I don’t answer.
The door opens anyway.
Damien stands in the threshold, all shadows and calculation. He doesn’t smile. Doesn’t speak. Just looks at me like I’m a question he’s already answered, but keeps asking anyway.
His voice, when it comes, is velvet stretched over bone.
“You can come back to the main house.”
My breath catches.
He watches me too closely for me to respond, so I nod. Once.
“That’s what you wanted, isn’t it?” he murmurs. “To be closer again?”
I nod again, slower this time. The air feels thick in my chest.
He tilts his head. “But first,” he says, stepping aside so I can follow, “I have a present for you.”
The words hit me like frostbite. Too kind. Too cold.
Still, I follow. We walk in silence.
Past the silent rooms.
Past the empty hall where Brooke laughs.
Past the surveillance room where you see too much.
He doesn’t speak. And neither do I.
The stairs to the lower level groan beneath our weight. The air grows colder.
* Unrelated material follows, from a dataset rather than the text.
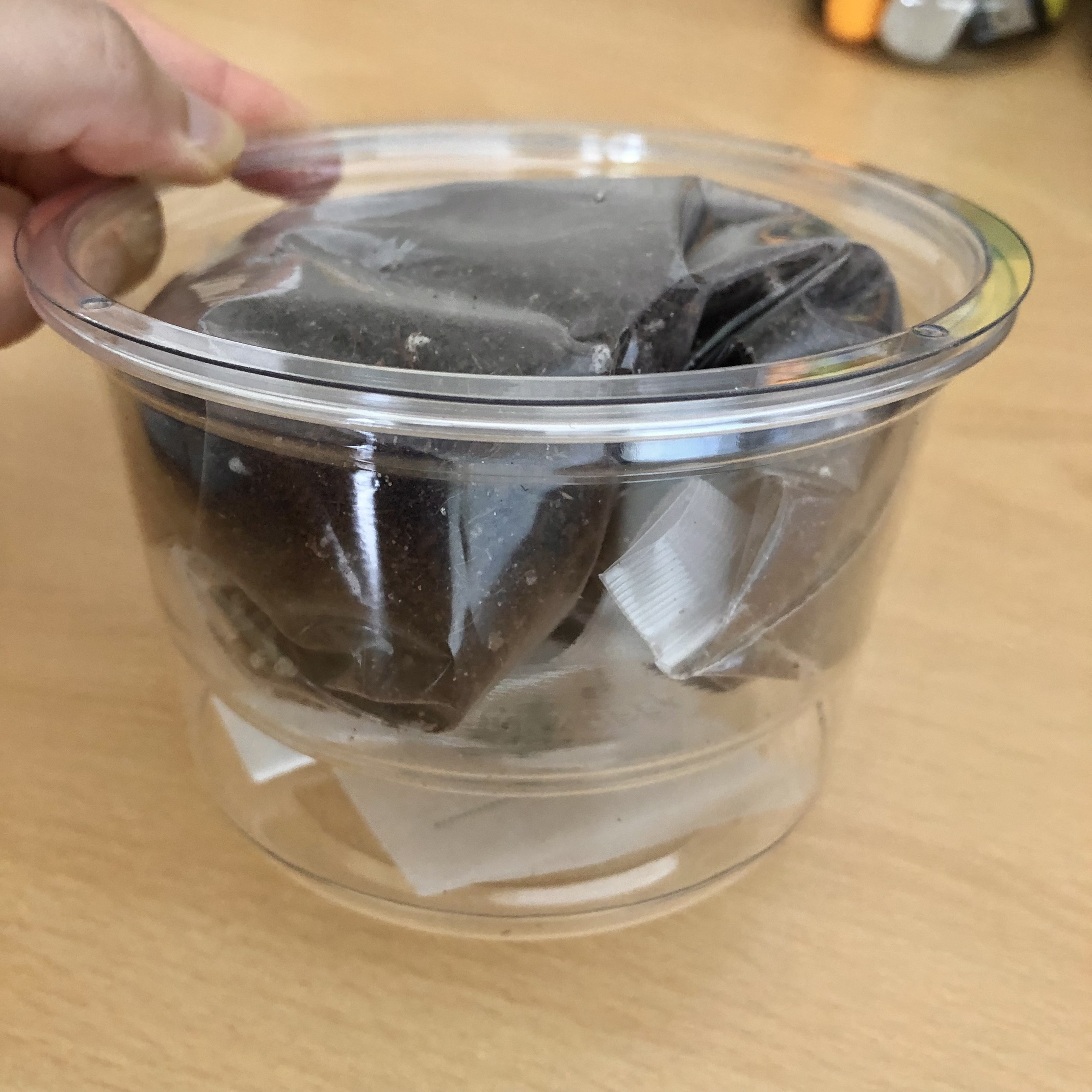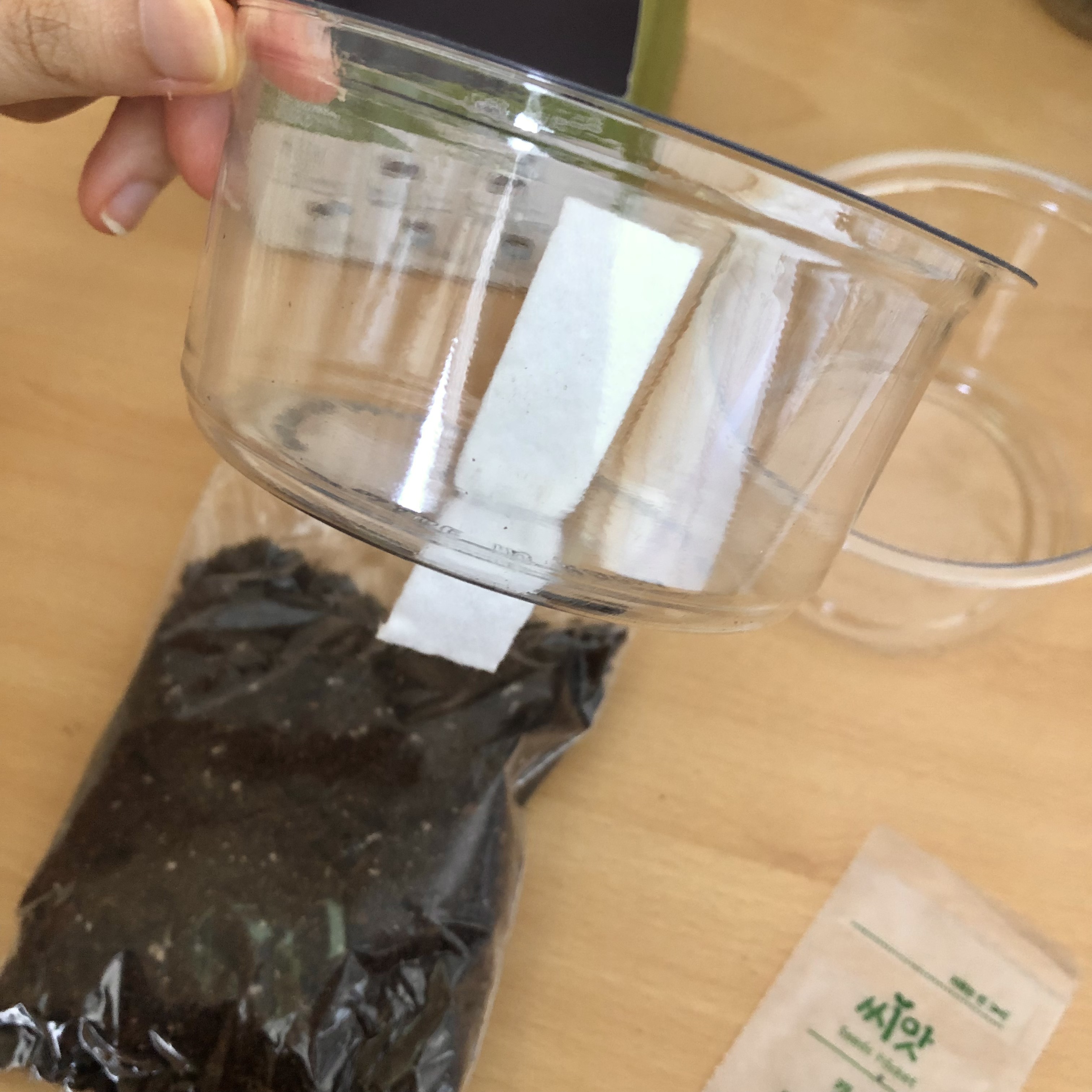 3. 흙을 조금 남기고, 부직포를 끼운 작은 화분에 흙을 다 부어준다.

Thicker. The kind of sterile chill that only exists in places where screams have nowhere to go.
He unlocks the final door and holds it open with a theatrical sweep of his hand.
“After you.”
It’s the medical wing. I step inside slowly.
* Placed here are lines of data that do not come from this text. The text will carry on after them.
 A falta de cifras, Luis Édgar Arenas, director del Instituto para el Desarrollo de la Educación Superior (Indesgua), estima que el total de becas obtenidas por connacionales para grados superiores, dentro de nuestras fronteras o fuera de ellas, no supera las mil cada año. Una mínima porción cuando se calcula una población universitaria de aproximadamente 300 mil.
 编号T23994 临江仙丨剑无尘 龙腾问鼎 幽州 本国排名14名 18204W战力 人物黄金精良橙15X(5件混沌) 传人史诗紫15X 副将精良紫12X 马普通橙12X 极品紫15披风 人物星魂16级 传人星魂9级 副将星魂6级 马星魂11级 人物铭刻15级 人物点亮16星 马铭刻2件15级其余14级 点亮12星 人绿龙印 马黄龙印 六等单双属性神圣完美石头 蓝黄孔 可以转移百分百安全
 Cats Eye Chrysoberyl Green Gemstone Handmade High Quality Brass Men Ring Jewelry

The lights above buzz like flies trapped in glass. The walls are off-white and stained in places where bleach couldn’t quite erase the past. A steel table sits in the center of the room. Nothing on it.
Yet.
Cabinets line the far wall—locked. An IV stand casts a spider-leg shadow across the floor. And still, he says nothing. He closes the door behind us.
Locks it.
“Why here?” I whisper, throat dry.
His lips twitch into something that might be a smile—or a flinch.
“You’ll see.”
I stand still, fingers twitching at my sides. He walks to the cabinets. Pulls out a small silver tray. Places it on the table with care.
Then, finally, he turns to me. His eyes are hollow in the worst way—alive, but unreadable.
“This is the part,” he says, “where you learn to be grateful.”